Thursday, 5 July 2018

Dear lover,

you couldn't bear through the pain any longer and as much as i wanted you to fight for me, for us, for you to stay by my side, i really want you to have some peace of mind. so, we burned the bridges, we burned our safe place. you've given me almost everything i've ever dream of. Constantly taking care of me, reminding me that you love me. Its time for you to focus that energy onto yourself or someone else now.
we tried and now i wish you nothing but the best.
                                                                                                                                         Love, didi.


Saturday, 31 March 2018

It felt as if i had to watch the world crumble right before me or at least my world. A world of happiness that i found and built. My safe zone.

Tuesday, 27 February 2018

Its been some time and there is so much to write about but I don't know where or even how to start without having a breakdown
I don't even know if I'm able to put all of this emotions into words.
 However, I can't handle this tonight; tonight won't be night.

Sunday, 13 August 2017

Introvert

My dad said something that kinda triggered my mind a little bit recently and here is the reason to it;
A few days ago a couple of my friends asked me out to an event in the city. they'll be hosting a shadow play. Being a city girl without a hometown, i got really excited because i've always wanted to watch one. anyway i have a very strict curfew and the shows is from 8pm-12am i already got the permission from my mom but i still had to ask my dad so i called him since he was home and i was out in the city with my mom.
He asked me the basic questions, where, when, how are you gonna go back and when it came to the with who part i told him its just with a few boys from my school and later he asked am i only the girl? and i was just like yeah cause i dont see a problem to it, ive known the guys ever since i was 9 yearsold.
The triggering part to this rant of mine is when my dad asked me do i not have any 'GIRL FRIENDS' ? im not gonna lie, at that moment it kinda hit me hard i only have 3 'girl friends' that i would always hang out with.
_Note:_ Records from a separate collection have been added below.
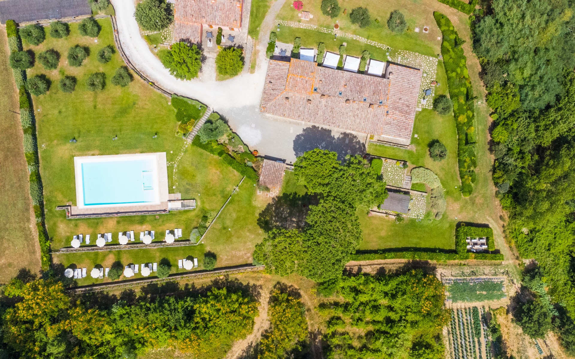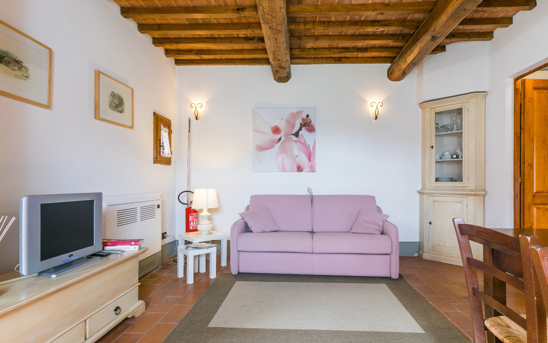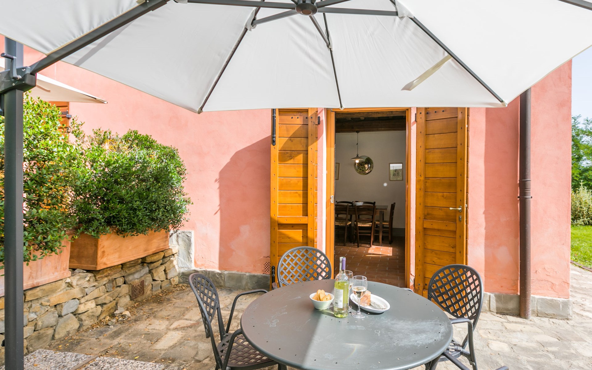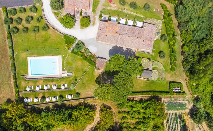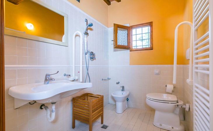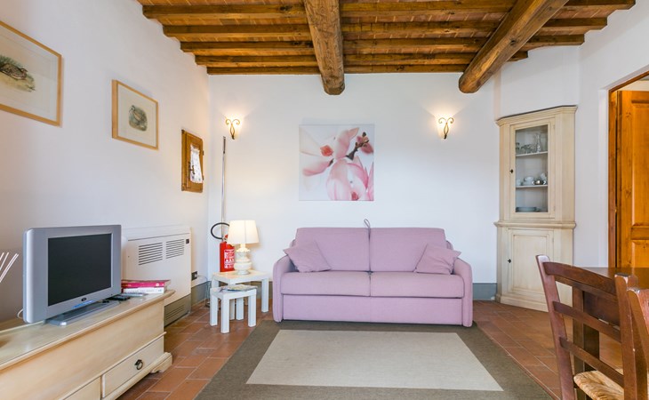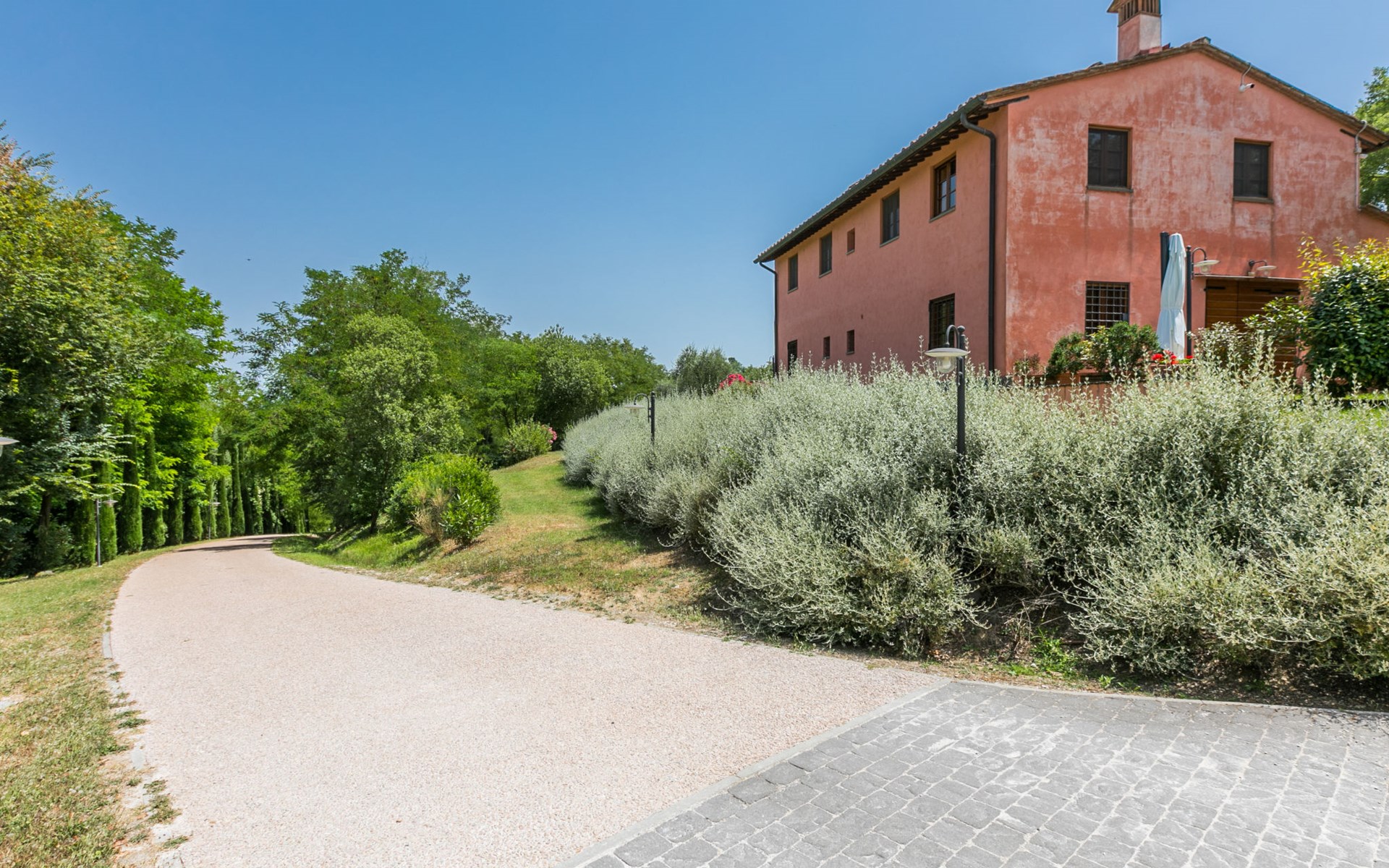 Beautiful, cosy country house "Francigena", surrounded by trees and fields. 9 apartments in the residence. 6 km from the centre of Castelfiorentino, 3 km from the centre of Castelnuovo d'Elsa, 30 km from the centre of San Gimignano, in a sunny position, 80 km from the sea, in the countryside. For shared use: property 20'000 m2, garden with lawn and trees, orchard (fenced), swimming pool fenced (15 x 9 m, depth 100 - 140 cm, seasonal availability: 01.Apr. - 31.Oct.). Outdoor shower, terrace, garden furniture, barbecue, pool maintenance by the owner/gardener. In the house: reception, washing machine, tumble dryer (for shared use, extra). Roofed, parking (for 12 cars) on the premises. E-charging station. Supermarket 6 km, bus stop 4 km, railway station "Castelfiorentino" 6 km, sandy beach "Calambrone" 80 km. Please note: car recommended. Baby equipment (included).
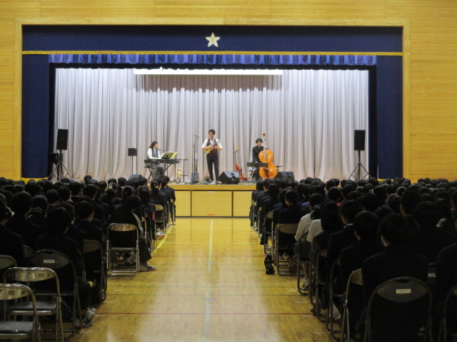 生徒たちは、曲に合わせて体を揺らしたり、手拍子をしたりしていました。
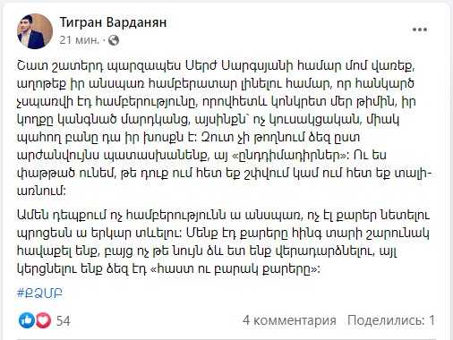 Զուտ չի թողնում ձեզ ըստ արժանվույնս պատասխանենք, այ «ընդդիմադիրներ»: Ու ես փաթթած ունեմ, թե դուք ում հետ եք շփվում կամ ում հետ եք տալի-առնում:
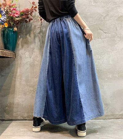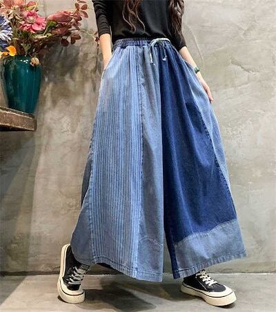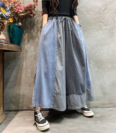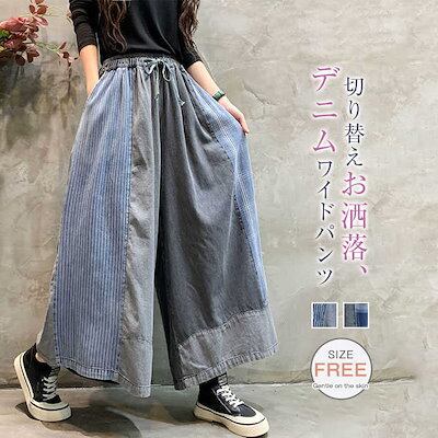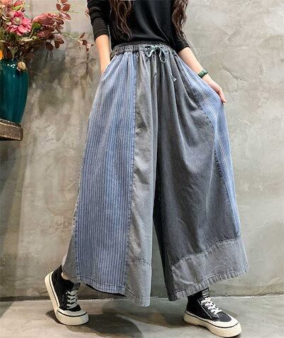 ワイドパンツ デニム ガウチョパンツ レディース ロングパンツ 9分丈 切り替え チェック ストライプ 体型カバー ウエストリボン 春 秋冬
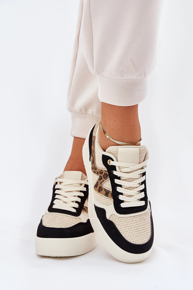 Buty Sportowe Damskie Na Platformie Panterka Czarne Lorori
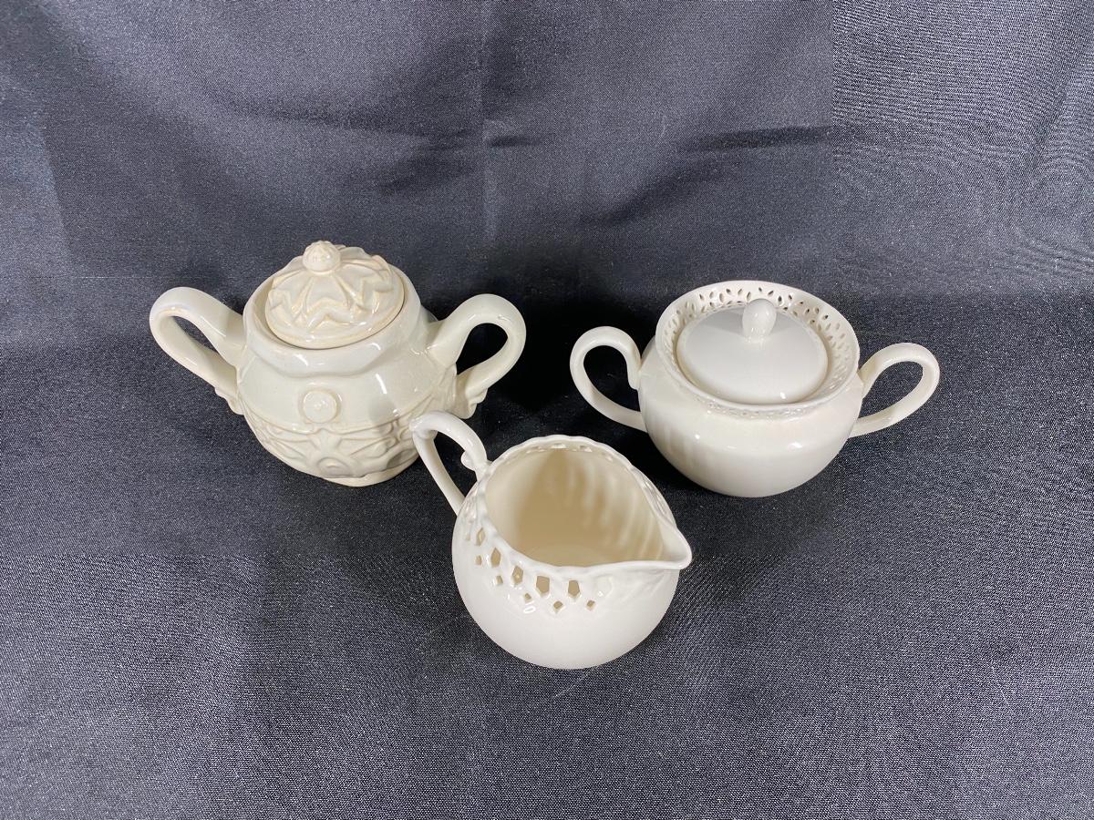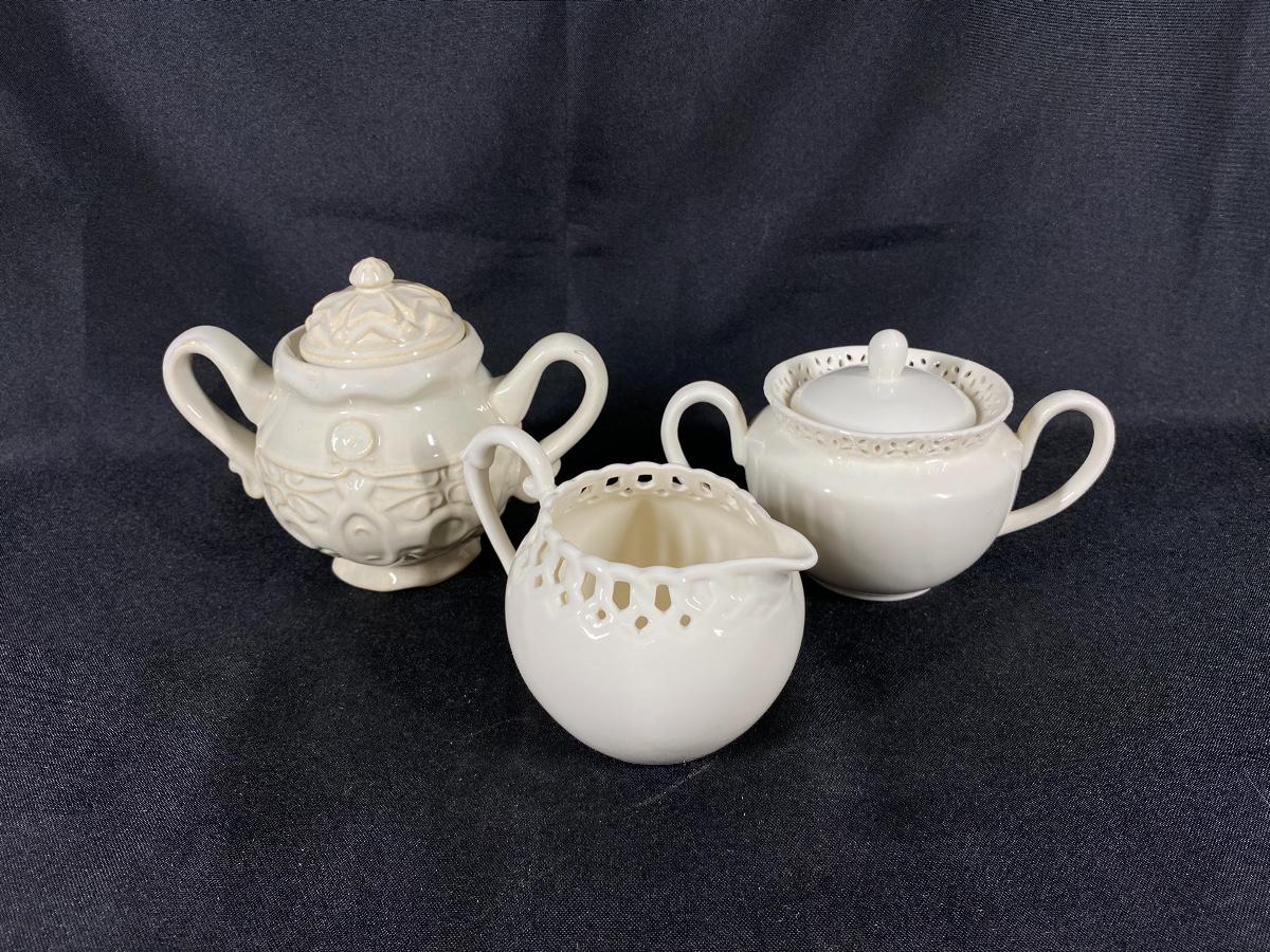 Set of 3 off white sugar bowls and creamer pitcher. All different from the other. Good condition.

The number of guy friends that i hang out with outweighs the girls.
That 3 friends of mine are barely around most of the time, like i cant just call them and say hey do you wanna go somewhere with me and they'll be like yeah.
i do know that i grew up into a introvert, i keep things private and secured to this small group of people that i know since primary. I honestly have no complaints about it because its easier to manage. However, since we are all grown up ive come to the realization that its kinda sad i still limit myself to those people especially when they are not around as often anymore. I do have other 'girl friends' that ive gained through working and uni but those are just the people that i hang around with in campus or a small reunion once in a blue moon basically.
Lets be real, everyone basically have their own life and just like me they would stick with the people they've known the longest cause they are comfortable and there is nothing much i can do about it.

Monday, 26 June 2017

Count your blessings

to whoever reads my blog, ya'll probably think im ungrateful but the truth is i am very grateful and blessed to own whatever is given to me. To some who knows me personally, they would know how much i loath celebrating raya. i have my own personal reasons that i refuse to write it out to the public eye but i would like to wish everyone a Selamat hari raya maaf zahir dan batin or happy holidays. spent as much time with people who are important to you and never take them for granted. prioritize your family always on any circumstances they are blood after all!
lots of love
Didi xx

Tuesday, 13 June 2017

Losing sanity

I've been on top and now its time for my downfall, hitting rock bottom once again. My mind is off wandering to the deepest part of my memories i ever had with everyone, giving me breakdowns at any time of the day. Sleep deprived at its best, losing all self control that I've gathered. No longer having a principle to hold on to cause i gave it all away

Sunday, 11 June 2017

Abandonment isues

I get really insecure when the person im dating behave differently/ when their vibe feel off because thats when they start to fade away from my life. It terrifies me.